Advances to Machine Translation and Language Understanding – Chris Callison-Burch (Johns Hopkins)
View Seminar Video
Abstract
Modern approaches to machine translation, like those used in Google’s online translation system, are data-driven. Statistical translation models are trained using bilingual parallel texts, which consist of sentences in one language paired with their translation into another language. Probabilistic word-for-word and phrase-for-phrase translation tables are extracted from human-translated parallel texts, and are then used as the basic building blocks in the automatic translation systems. Although these data-driven methods have been successfully applied to a small handful of the world’s languages, can they be used to translate all the world’s languages? I’ll describe cost- and model-focused innovations that make it plausible. I’ll also briefly outline how these methods can be used to help with the longstanding artificial intelligence goal of language understanding.
In this talk, I will present four research areas that my lab has been working on:
Improved translation models: I will demonstrate that syntactic translation models significantly outperform linguistically naive models for Urdu-English. Urdu is a low resource language with a word order that is significantly divergent from English. Syntactic information allows better generalizations to be learned from the bilingual training data.
Crowdsourcing: I have been using Amazon’s Mechanical Turk crowdsourcing platform to translate large volumes of text at low cost. I will show how we can achieve professional level translation quality using non-professional translators, at a cost that is an order of magnitude cheaper than professional translation.

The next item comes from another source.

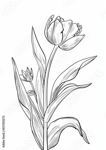 This is a black and white line drawing of a tulip flower with a bud. The image is perfect for coloring and would be a great addition to any coloring book or art project

This makes it feasible to collect enough data to train statistical models, which I demonstrate for Arabic dialect translation.

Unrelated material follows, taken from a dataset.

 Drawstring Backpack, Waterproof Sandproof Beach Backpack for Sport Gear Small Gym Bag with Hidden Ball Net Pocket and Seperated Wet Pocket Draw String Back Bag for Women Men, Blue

Translation: without bilingual training data In addition to using crowdsourcing to reduce costs, I am introducing new methods that remove the dependence on expensive bilingual data by redesigning translation models so that they can be trained using inexpensive monolingual data. I will show end-to-end translation performance for a system trained only using a small bilingual dictionary and two large monolingual texts.

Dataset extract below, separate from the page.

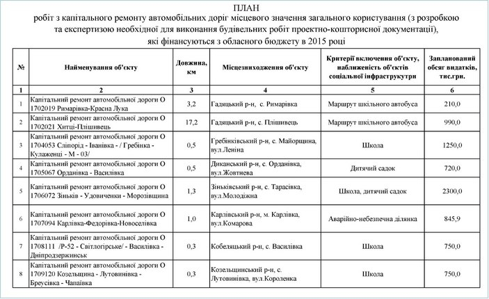 Затверджені плани робіт з капітального ремонту автомобільних доріг місцевого значення. Які фінансуються з обласного бюджету в 2015 році, на загальну суму 24275,9 тис. грн.:
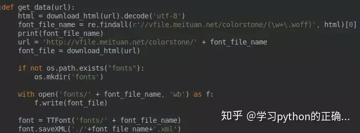 font_file_name = re.findall(r'//vfile.meituan.net/colorstone/(\w+\.woff)', html)[0]拿到了文件名之后就构建一下url

Natural language understanding: I will show how the data and methods from translation can be applied to the classic AI problem of understanding language. I will show how to learn paraphrases and other meaning-preserving English transformations using bilingual data. I will demonstrate how these can be used for a variety of monolingual text-to-text generation tasks like sentence compression, simplification, English as a Second Language (ESL) error correction, and poetry generation.
Biography
Chris Callison-Burch is currently an Associate Research Professor in the Computer Science Department at Johns Hopkins University, where he has built a research group within the Center for Language and Speech Processing (CLSP). In the fall he will be starting a tenure-track job at the Computer and Information Sciences Department at the University of Pennsylvania. He received his PhD from the University of Edinburgh’s School of Informatics in 2008 and his bachelors from Stanford University’s Symbolic Systems Program in 2000. His research focuses on statistical machine translation, crowdsourcing, and broad coverage semantics via paraphrasing. He has contributed to the research community by releasing open source software like Moses and Joshua, and by organizing the shared tasks for the annual Workshop on Statistical Machine Translation (WMT). He is the Chair of the North American chapter of the Association for Computational Linguistics (NAACL) and serves on the editorial boards of Computational Linguistics and the Transactions of the ACL (TACL).